Morgan Stanley’s Climate Commitment Needs to Go Further

New York, NY — Morgan Stanley announced today that it will become the first major American bank to track and report the greenhouse gas emissions from its loans and investments as part of the bank’s own contribution to the climate crisis.

According to reporting by Politico, Morgan Stanley will join the Partnership for Carbon Accounting Financials, a group of 66 financial institutions managing over $5.3 trillion of assets that is developing a methodology to track the climate impact of their loans and investments.

The methodology does not track the climate impact of underwriting issuances of debt and equity. This is a significant gap in the case of Morgan Stanley, which is one of the world’s top four banks in terms of revenues from underwriting.

Since 2016, 35 major banks have dumped at least $2.7 trillion into fossil fuel lending and underwriting. Morgan Stanley’s loans and underwriting for fossil fuels totalled more than $91 billion over this period

Stop the Money Pipeline is a coalition of over 100 organizations working to end the financing of climate destruction by pressuring banks, insurance companies, asset managers, and institutional investors to stop investing in fossil fuels and deforestation and start respecting human rights and Indigenous sovereignty.

Stop the Money Pipeline members had the following responses to today’s announcement by Morgan Stanley: 

“This move is a major step in the right direction for Morgan Stanley, and any bank that claims to support climate action or the goals of the Paris Agreement should follow suit. Wall Street is driving the climate crisis, and if banks want to be part of the solution, they have to start by being transparent about the extent to which they’re currently part of the problem. Measuring and disclosing their impact is important, and now the critical next step will be to mitigate this impact by committing to an aggressive timeline to phase out their funding for climate-polluting fossil fuels altogether,” said Ben Cushing, Sierra Club Senior Campaign Representative.
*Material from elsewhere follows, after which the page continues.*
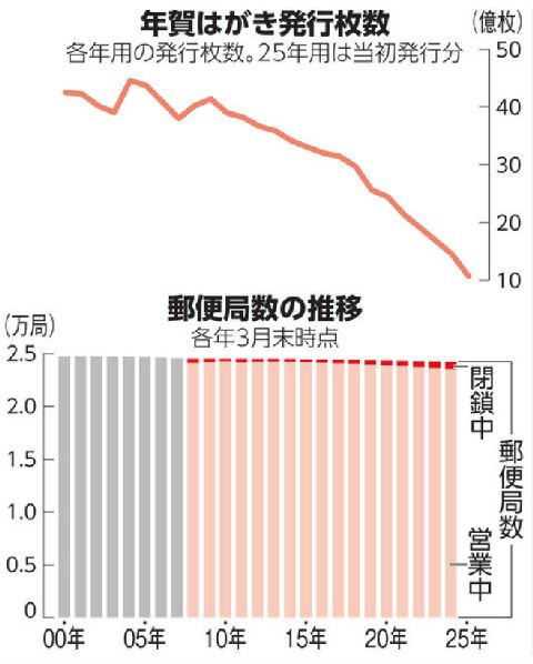 人口減と電子化で大きく減少する郵便需要その実態を如実に表すのが年賀状の枚数激減、電子メールやスマホアプリの普及で年賀状はもうオワコン状態。 年寄りはに年に一度の生存確認の意味合いが強いので限定で続けるが「年賀じまい」の挨拶もちらほら。 |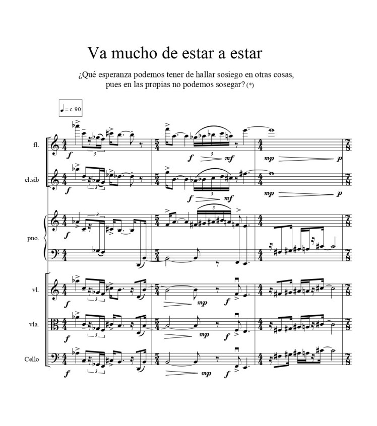 Como éste, otros textos dan impulso a la música de “Va mucho de estar a estar” (p.15, id.). La aparente contradicción encerrada en la frase que se corresponde con el título da pie a la dualidad en lo musical, en la búsqueda de una significación que solamente encuentra sentido en uno mismo.

“This is a good step, but we don’t need a team of economists to know that Morgan Stanley shouldn’t be loaning billions of dollars to fossil fuels companies intent on cooking our planet,” said Alec Connon, coordinator of the Stop the Money Pipeline coalition. “It’s our hope that this news signals that Morgan Stanley already knows that, and starts to get the climate-wrecking fossil fuel industry off of its books without delay.”

“While it’s encouraging to see Morgan Stanley committing to track financed emissions, the urgency of the climate, biodiversity, and Indigenous rights crises demand that banks not only track climate impacts but also take concrete action to mitigate those impacts,” said Moira Birss, Climate and Finance Director at Amazon Watch. “Furthermore, I’m concerned that the Partnership for Carbon Accounting Financials appears to pay minimal attention to the climate impacts of deforestation, which the IPCC has identified as the second-largest driver of climate change and is also a major cause of biodiversity loss and Indigenous rights violations. A 2019 Amazon Watch report found Morgan Stanley heavily invested in Marfrig, a Brazilian beef corporation directly linked to illegal deforestation in the Amazon.”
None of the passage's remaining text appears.